=== Data supplied ===

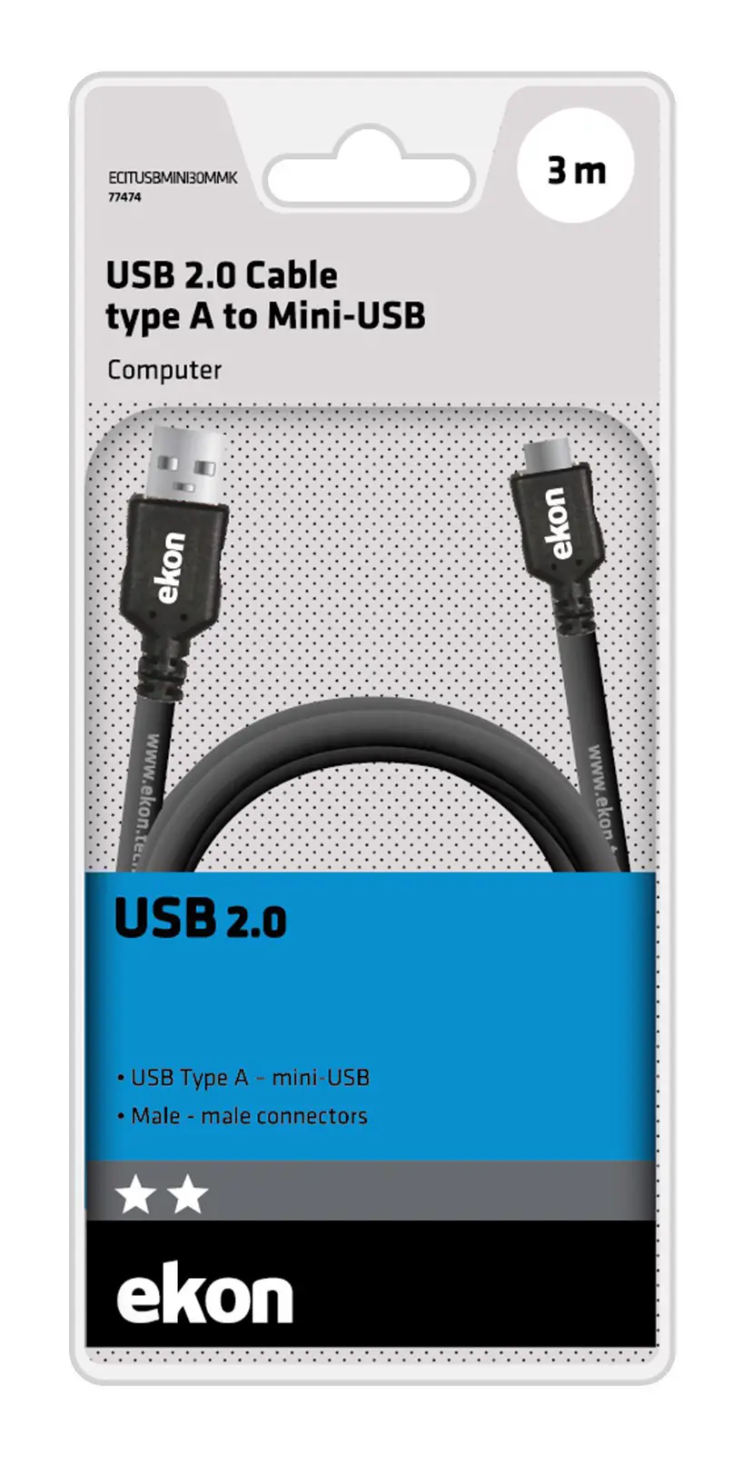 Ekon ECITUSBMINI30MMK, 3 m, USB A, Mini-USB A, USB 2.0, Nero
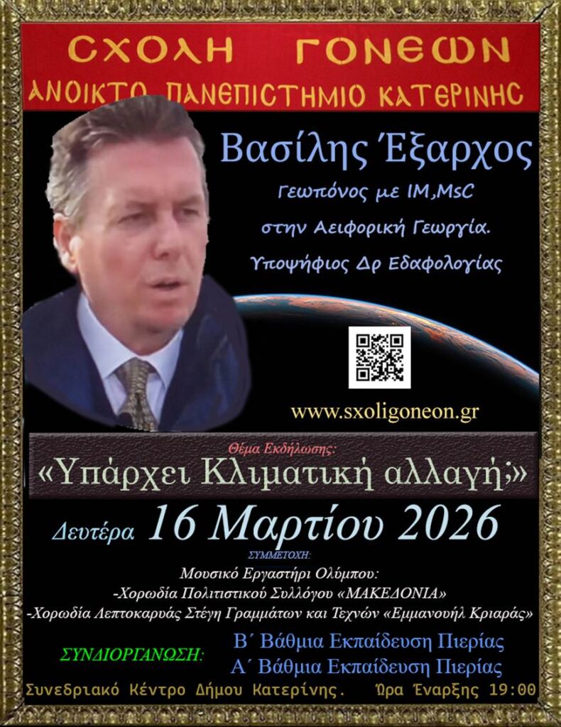 Η τρομοκρατία που ασκούν οι δήθεν «ειδικοί» για την κλιματική αλλαγή μέσω των «προβλέψεών» τους αποβλέπει στον έλεγχο μας; Αυτά και άλλα πολλά θα συζητηθούν και θα αναλυθούν με τους φίλους της Σχολή Γονέων – Ανοικτό Πανεπιστήμιο Κατερίνης την Δευτέρα 16 Μαρτίου 2026 στις 19:00 από τον Γεωπόνο κ. Βασίλειο Έξαρχο. Η εκδήλωση γίνεται σε Συνδιοργάνωση με την Πρωτοβάθμια και Δευτεροβάθμια Εκπαίδευση Πιερίας.
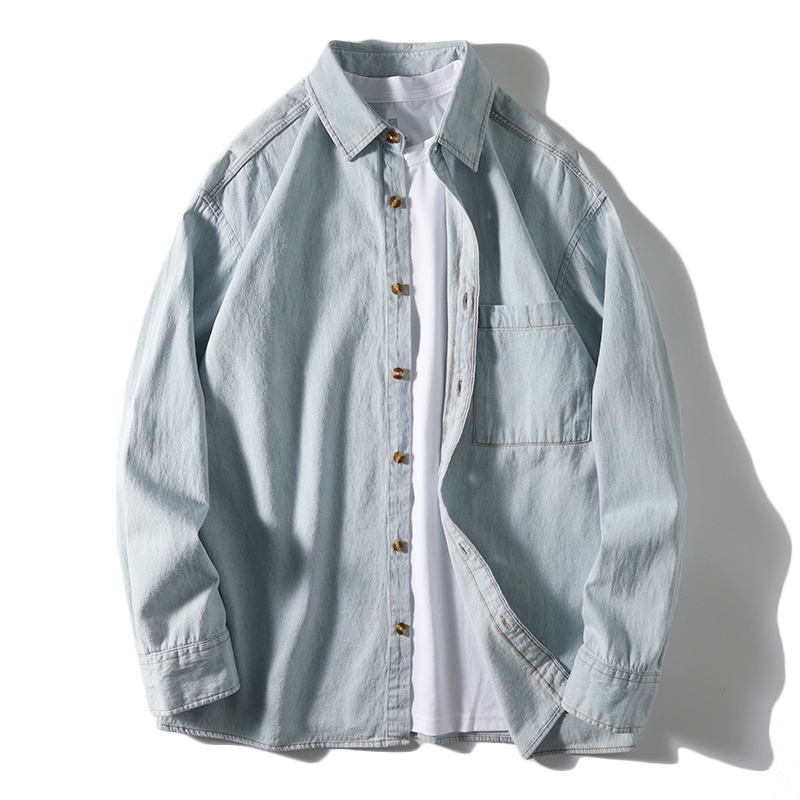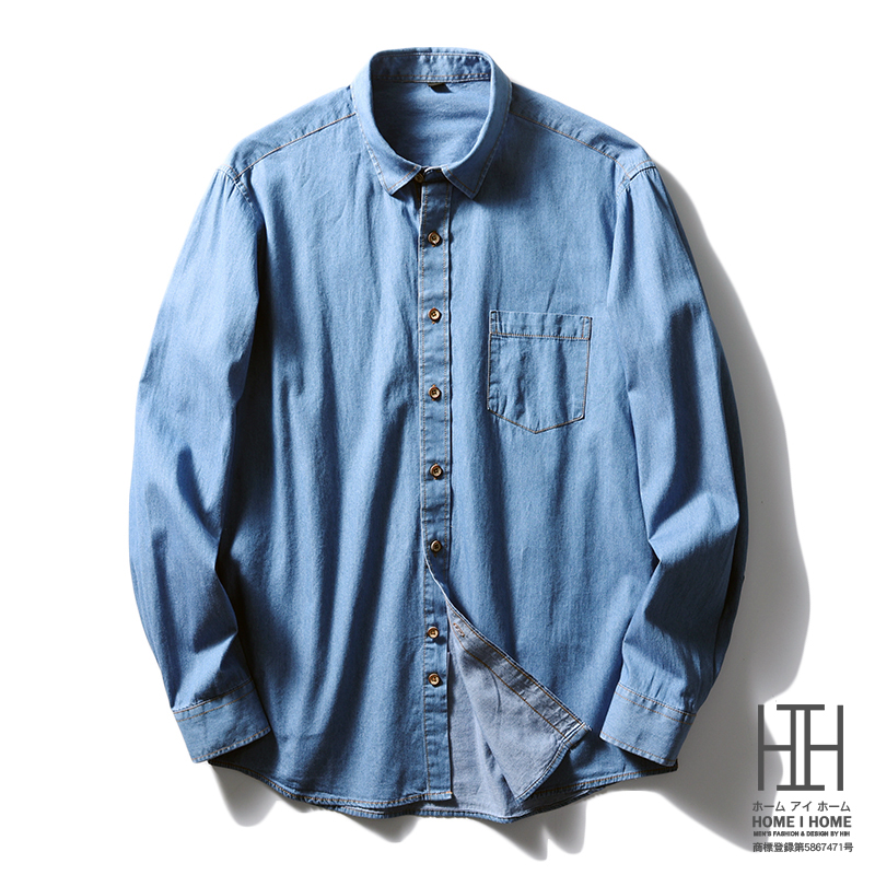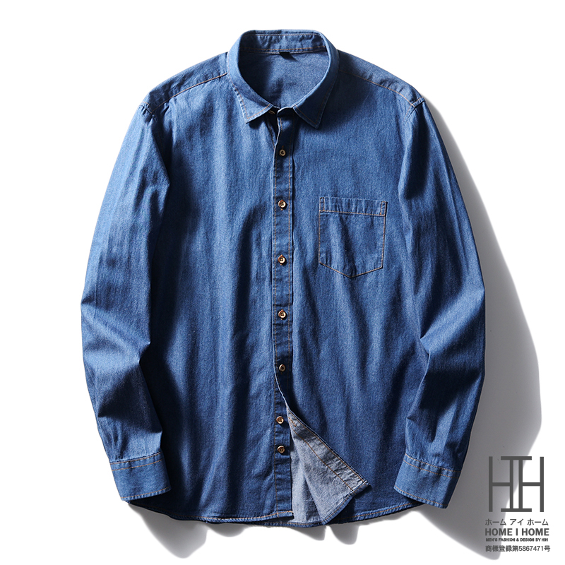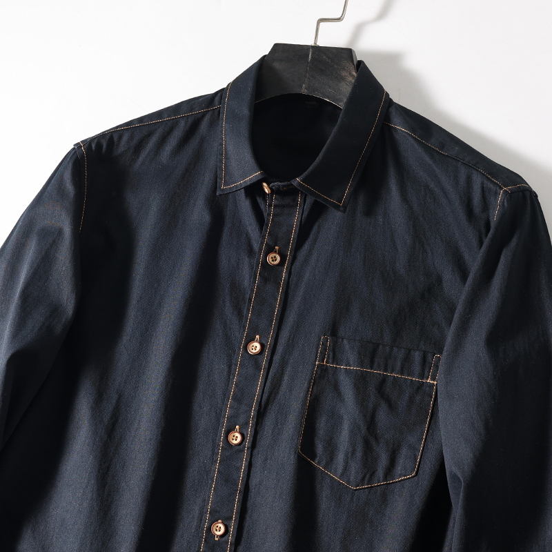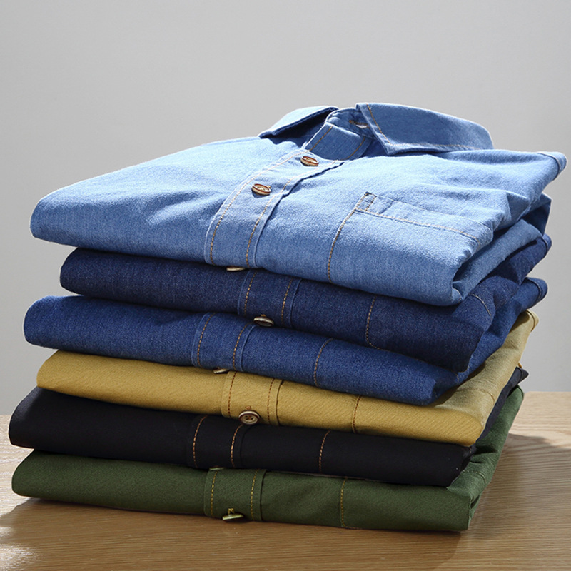 長袖シャツ メンズ デニムシャツ ダンガリー ポケット付き カジュアルシャツ ワークシャツ 水洗い加工 柔らかい 秋 ウォッシュ加工
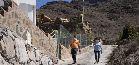 Mogán ha invertido 42.000 euros de fondos propios para dotar de red de saneamiento a seis viviendas del barrio de Las Casillas, en el Barranco de Mogán. La alcaldesa, Onalia Bueno, y el concejal de Obras Públicas, Ernesto Hernández han girado una visita a la zona.
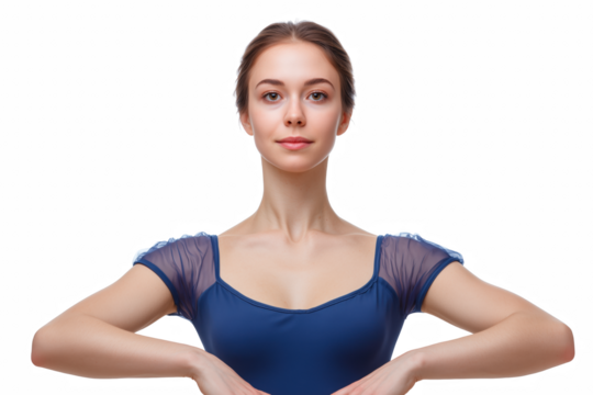 Graceful young Asian ballet partners in coordinated pose with extended arms together
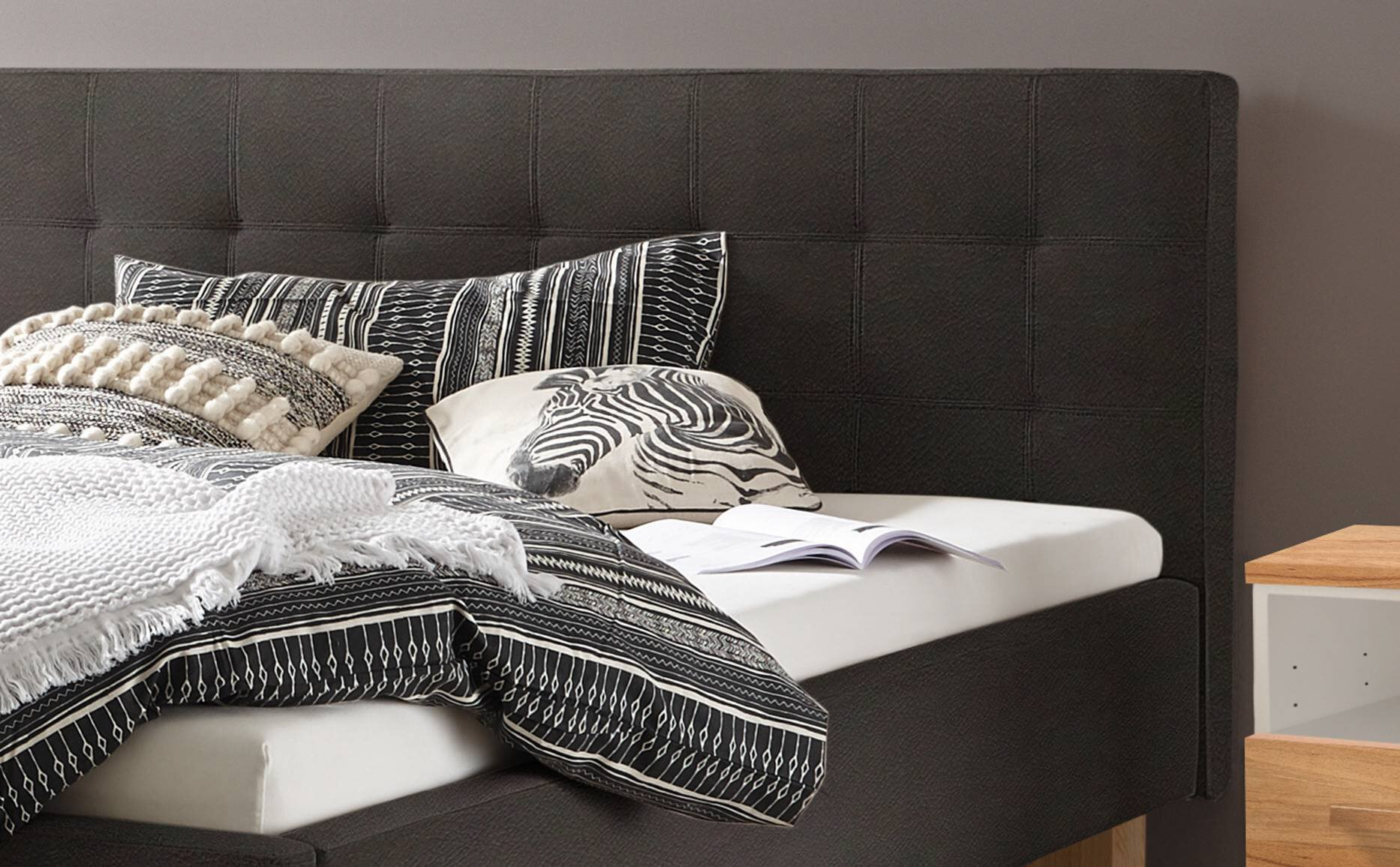 · Mit Wellenrauschen im Ohr den Träumen nah ? unser Bett Noemi besticht durch seine monumentale Erscheinung und Präsenz, wie ein Fels in der Brandung. Das gepolsterte Kopfteil und der Polsterrahmen verleihen dem Bett wiederrum eine weiche Note und lassen es als beschützenden Ruhepol agieren.
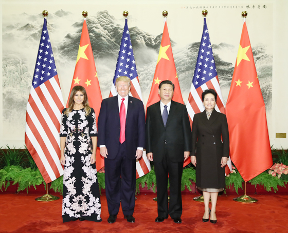 11月9日,国家主席习近平在北京人民大会堂东门外广场举行欢迎仪式,欢迎美利坚合众国总统唐纳德·特朗普对中国进行国事访问。这是习近平和夫人彭丽媛在人民大会堂同特朗普夫妇合影。(新华社记者 兰红光 摄)
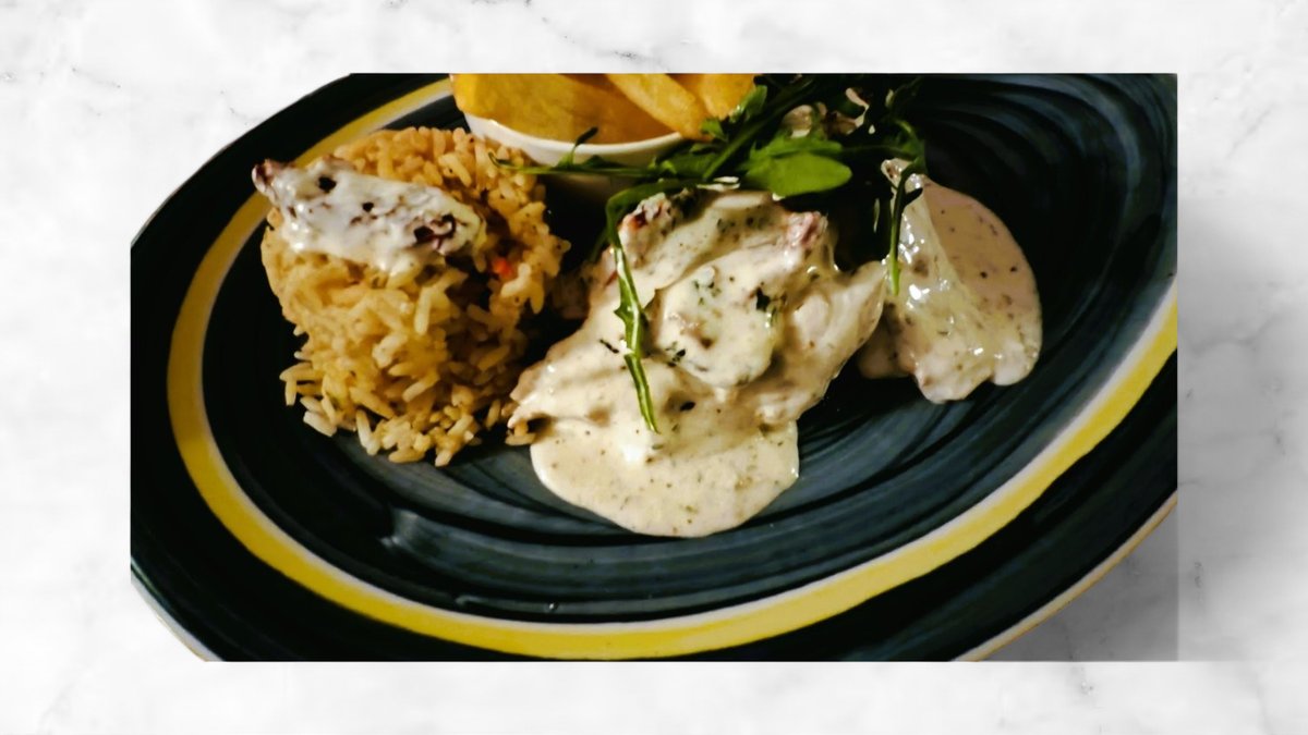 Chicken fillet stuffed with creamy cheese, sun dried tomatoes, bacon topped with creamy sauce. Served with rice and chips.
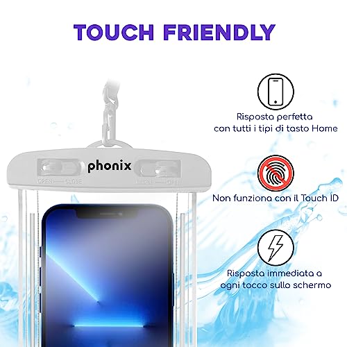 Phonix Custodia Impermeabile Smartphone IPX8 Italia - Cover Subacquea per iPhone 14,13,12,11 Pro, Max, Mini e per Smartphone fino a 6.8" - Portacellulare Mare - Accessori Spiaggia (Bianco)
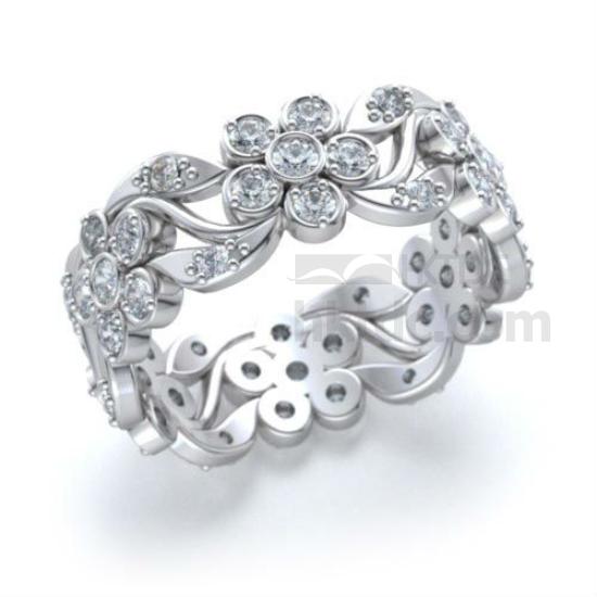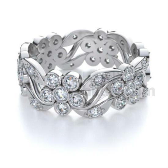 Eternity Flower Round Cut Diamond Ring In 14k White Gold

===

▸ **Work order**:
Return the listing verbatim; pictures are not part of the copy.

▸ **Task solution**:
 Ekon ECITUSBMINI30MMK, 3 m, USB A, Mini-USB A, USB 2.0, Nero
 Η τρομοκρατία που ασκούν οι δήθεν «ειδικοί» για την κλιματική αλλαγή μέσω των «προβλέψεών» τους αποβλέπει στον έλεγχο μας; Αυτά και άλλα πολλά θα συζητηθούν και θα αναλυθούν με τους φίλους της Σχολή Γονέων – Ανοικτό Πανεπιστήμιο Κατερίνης την Δευτέρα 16 Μαρτίου 2026 στις 19:00 από τον Γεωπόνο κ. Βασίλειο Έξαρχο. Η εκδήλωση γίνεται σε Συνδιοργάνωση με την Πρωτοβάθμια και Δευτεροβάθμια Εκπαίδευση Πιερίας.
 長袖シャツ メンズ デニムシャツ ダンガリー ポケット付き カジュアルシャツ ワークシャツ 水洗い加工 柔らかい 秋 ウォッシュ加工
 Mogán ha invertido 42.000 euros de fondos propios para dotar de red de saneamiento a seis viviendas del barrio de Las Casillas, en el Barranco de Mogán. La alcaldesa, Onalia Bueno, y el concejal de Obras Públicas, Ernesto Hernández han girado una visita a la zona.
 Graceful young Asian ballet partners in coordinated pose with extended arms together
 · Mit Wellenrauschen im Ohr den Träumen nah ? unser Bett Noemi besticht durch seine monumentale Erscheinung und Präsenz, wie ein Fels in der Brandung. Das gepolsterte Kopfteil und der Polsterrahmen verleihen dem Bett wiederrum eine weiche Note und lassen es als beschützenden Ruhepol agieren.
 11月9日,国家主席习近平在北京人民大会堂东门外广场举行欢迎仪式,欢迎美利坚合众国总统唐纳德·特朗普对中国进行国事访问。这是习近平和夫人彭丽媛在人民大会堂同特朗普夫妇合影。(新华社记者 兰红光 摄)
 Chicken fillet stuffed with creamy cheese, sun dried tomatoes, bacon topped with creamy sauce. Served with rice and chips.
 Phonix Custodia Impermeabile Smartphone IPX8 Italia - Cover Subacquea per iPhone 14,13,12,11 Pro, Max, Mini e per Smartphone fino a 6.8" - Portacellulare Mare - Accessori Spiaggia (Bianco)
 Eternity Flower Round Cut Diamond Ring In 14k White Gold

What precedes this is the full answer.